** RECORDS FOR THIS TASK follows **

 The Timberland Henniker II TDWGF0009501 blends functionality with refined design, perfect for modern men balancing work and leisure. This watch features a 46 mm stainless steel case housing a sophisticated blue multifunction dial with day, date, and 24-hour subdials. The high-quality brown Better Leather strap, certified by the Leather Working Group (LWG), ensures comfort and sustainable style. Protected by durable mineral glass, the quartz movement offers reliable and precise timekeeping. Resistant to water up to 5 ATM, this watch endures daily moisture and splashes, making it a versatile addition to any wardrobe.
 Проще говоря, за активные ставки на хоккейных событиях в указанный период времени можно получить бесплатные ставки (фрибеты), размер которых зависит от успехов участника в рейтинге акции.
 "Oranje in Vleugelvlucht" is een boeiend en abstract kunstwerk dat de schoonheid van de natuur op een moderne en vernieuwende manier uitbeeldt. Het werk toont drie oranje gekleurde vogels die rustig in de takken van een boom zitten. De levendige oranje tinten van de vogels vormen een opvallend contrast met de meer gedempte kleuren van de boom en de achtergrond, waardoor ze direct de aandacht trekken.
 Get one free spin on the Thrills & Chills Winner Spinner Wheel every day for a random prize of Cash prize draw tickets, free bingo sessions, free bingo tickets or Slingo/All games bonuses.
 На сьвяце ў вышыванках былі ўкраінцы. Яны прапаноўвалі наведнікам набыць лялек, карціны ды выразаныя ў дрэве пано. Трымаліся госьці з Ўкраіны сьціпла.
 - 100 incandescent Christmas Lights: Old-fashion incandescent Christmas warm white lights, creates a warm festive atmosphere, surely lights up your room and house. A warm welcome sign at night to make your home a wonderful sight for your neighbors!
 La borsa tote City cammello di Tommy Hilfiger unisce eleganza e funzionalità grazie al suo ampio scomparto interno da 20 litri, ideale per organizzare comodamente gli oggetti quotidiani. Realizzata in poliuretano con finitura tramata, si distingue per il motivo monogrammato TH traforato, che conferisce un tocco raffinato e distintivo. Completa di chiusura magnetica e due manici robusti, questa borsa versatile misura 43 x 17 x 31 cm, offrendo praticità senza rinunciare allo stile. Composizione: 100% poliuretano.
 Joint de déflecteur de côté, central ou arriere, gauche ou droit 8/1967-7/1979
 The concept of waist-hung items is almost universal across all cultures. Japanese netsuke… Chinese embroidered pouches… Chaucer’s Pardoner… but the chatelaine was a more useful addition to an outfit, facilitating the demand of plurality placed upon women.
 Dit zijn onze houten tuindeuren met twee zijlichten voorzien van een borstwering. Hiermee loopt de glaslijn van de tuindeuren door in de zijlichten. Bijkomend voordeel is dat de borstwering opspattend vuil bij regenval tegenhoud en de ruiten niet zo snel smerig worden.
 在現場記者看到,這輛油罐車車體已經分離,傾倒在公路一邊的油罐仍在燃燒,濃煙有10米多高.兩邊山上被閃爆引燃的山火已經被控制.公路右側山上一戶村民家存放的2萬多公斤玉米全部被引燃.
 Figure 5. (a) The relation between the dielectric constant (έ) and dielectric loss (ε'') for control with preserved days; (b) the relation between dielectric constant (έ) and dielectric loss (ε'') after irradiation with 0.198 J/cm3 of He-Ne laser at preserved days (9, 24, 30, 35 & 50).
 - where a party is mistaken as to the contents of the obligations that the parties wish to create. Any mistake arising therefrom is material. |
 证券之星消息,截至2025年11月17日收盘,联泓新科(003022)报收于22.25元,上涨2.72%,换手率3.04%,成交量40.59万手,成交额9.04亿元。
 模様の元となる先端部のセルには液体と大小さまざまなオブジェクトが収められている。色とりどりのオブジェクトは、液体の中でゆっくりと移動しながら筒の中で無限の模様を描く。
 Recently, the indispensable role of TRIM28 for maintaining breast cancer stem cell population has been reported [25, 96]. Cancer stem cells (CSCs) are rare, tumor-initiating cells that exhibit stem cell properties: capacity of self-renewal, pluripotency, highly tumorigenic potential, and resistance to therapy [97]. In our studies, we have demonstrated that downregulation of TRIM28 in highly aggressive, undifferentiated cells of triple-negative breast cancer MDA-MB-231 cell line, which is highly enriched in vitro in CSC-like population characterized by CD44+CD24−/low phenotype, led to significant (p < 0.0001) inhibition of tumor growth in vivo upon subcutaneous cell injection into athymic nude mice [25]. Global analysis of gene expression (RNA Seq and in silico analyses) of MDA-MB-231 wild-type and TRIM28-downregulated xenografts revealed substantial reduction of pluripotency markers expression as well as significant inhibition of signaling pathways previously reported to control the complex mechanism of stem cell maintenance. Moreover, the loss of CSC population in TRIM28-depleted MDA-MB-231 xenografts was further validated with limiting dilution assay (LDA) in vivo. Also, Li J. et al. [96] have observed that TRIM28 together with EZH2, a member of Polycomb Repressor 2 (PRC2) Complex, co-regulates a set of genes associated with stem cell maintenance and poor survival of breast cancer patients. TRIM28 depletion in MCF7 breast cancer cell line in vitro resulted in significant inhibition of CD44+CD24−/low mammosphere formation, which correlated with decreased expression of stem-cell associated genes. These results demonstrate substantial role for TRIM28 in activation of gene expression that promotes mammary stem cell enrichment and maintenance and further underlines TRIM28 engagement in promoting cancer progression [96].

** End of RECORDS FOR THIS TASK **

ASSIGNED TASK:
All that is wanted is an exact copy of the lines above from the one with "Joint de déflecteur" through the one with "Figure 5. (a)", with both ends included.

PROBLEM SOLUTION:
 Joint de déflecteur de côté, central ou arriere, gauche ou droit 8/1967-7/1979
 The concept of waist-hung items is almost universal across all cultures. Japanese netsuke… Chinese embroidered pouches… Chaucer’s Pardoner… but the chatelaine was a more useful addition to an outfit, facilitating the demand of plurality placed upon women.
 Dit zijn onze houten tuindeuren met twee zijlichten voorzien van een borstwering. Hiermee loopt de glaslijn van de tuindeuren door in de zijlichten. Bijkomend voordeel is dat de borstwering opspattend vuil bij regenval tegenhoud en de ruiten niet zo snel smerig worden.
 在現場記者看到,這輛油罐車車體已經分離,傾倒在公路一邊的油罐仍在燃燒,濃煙有10米多高.兩邊山上被閃爆引燃的山火已經被控制.公路右側山上一戶村民家存放的2萬多公斤玉米全部被引燃.
 Figure 5. (a) The relation between the dielectric constant (έ) and dielectric loss (ε'') for control with preserved days; (b) the relation between dielectric constant (έ) and dielectric loss (ε'') after irradiation with 0.198 J/cm3 of He-Ne laser at preserved days (9, 24, 30, 35 & 50).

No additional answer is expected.